Epílogo

Y si tan fácil era, ¿por qué no se escapaban todos los esclavos?

La pregunta surge al leer en este libro —o en mi caso al investigar para escribirlo— lo cerca que estaban los poblados cimarrones de las ciudades de los blancos y lo poco que se vigilaba a los esclavos. La misma cuestión les solía quitar el sueño a los backras de entonces. En cada una de las plantaciones mayores de Jamaica o de las otras islas había solo una familia de hacendados y unos diez vigilantes a cargo de unos doscientos cincuenta esclavos, en su mayoría jóvenes y fuertes y todos con acceso a los machetes o al menos a cuchillos afilados. Habría sido fácil reducir a los blancos, y aún más por cuanto sus armas de fuego no influían en la proporción de fuerzas. En el siglo XVIII todavía se disparaba con pistolas o mosquetes de chispa que había que recargar después de cada tiro. Si la cuadrilla de trabajadores decidía rebelarse, el vigilante solo tendría tiempo de disparar un tiro.

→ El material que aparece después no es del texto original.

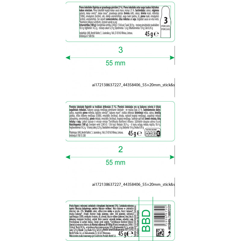 Pusta figura z mlecznej czekolady z chrupkami zbożowymi (5%). Czekolada mleczna oprócz tłuszczu kakaowego zawiera tłuszcze roślinne. Masa kakaowa w czekoladzie mlecznej: min. 25%.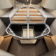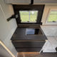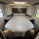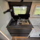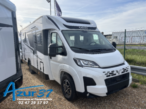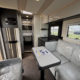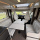 Cuisine en long, Douche indépendante, Grande soute, Lit central, lit pavillon, Salon avant banquettes face à face, Salon avant sièges pivotants, Soute réglable en hauteur, WC Cassette.

Sin embargo, en la historia del Caribe, al igual que en la de los estados sureños de Estados Unidos, se produjeron muy pocos levantamientos y apenas una pequeña minoría de esclavos intentó escapar. Incluso si la meta era proporcionalmente tan fácil de alcanzar como las Blue Mountains de Jamaica. Solo pueden hacerse conjeturas sobre las razones de ello y serían seguramente complejas. Hay que considerar, por ejemplo, que la población de esclavos de una plantación estaba sometida a una fuerte fluctuación. La esperanza de vida de un trabajador del campo era sumamente baja, y además la rudeza del trabajo, sin apenas descanso, seguramente lo despojaba de toda la energía para sopesar las posibilidades de huida y correr riesgos. A todo ello se sumaban las dificultades de la lengua. Como se indica en el libro, había y hay en África un ingente número de lenguas tribales y los esclavos procedían de las regiones más diversas del continente negro. Así pues, ese inglés pidgin, simplificado, que los recién llegados africanos con tanto esfuerzo debían aprender, servía no solo como medio de comunicación con los backras, sino que también era la única herramienta con que los esclavos tenían la oportunidad de entenderse entre sí. Para planificar y coordinar una sublevación no debía de ser suficiente.

No es por azar que casi todos los alzamientos de los esclavos de la historia fueran llevados a término por hombres de la segunda generación esclavizada. La Abuela Nanny y sus hermanos, oriundos de África, son aquí la excepción. Y por último —también se menciona esto en la novela— debe tenerse en cuenta que en el ámbito del comercio de esclavos bueno y malo no es equiparable a blanco y negro. Solo unos pocos comerciantes de esclavos blancos capturaban ellos mismos su carga humana. La mayoría de las veces compraban nuevos esclavos a tribus como los ashanti, que realizaban cacerías humanas selectivas en las tribus próximas con las que estaban reñidos. Los capitanes de los barcos de esclavos, sin embargo, carecían de escrúpulos a la hora de llevarse a un mismo tiempo a mercaderes y mercancías. En mi novela, Nanny y sus hermanos son víctimas de una de esas feas prácticas comerciales. Así que cuando un dogón o un mandinga se hallaba encadenado junto a un comerciante de esclavos ashanti debía de sentir más alegría por el mal ajeno que urgencia por unirse lo antes posible con su antiguo cazador para luchar contra su actual y común enemigo.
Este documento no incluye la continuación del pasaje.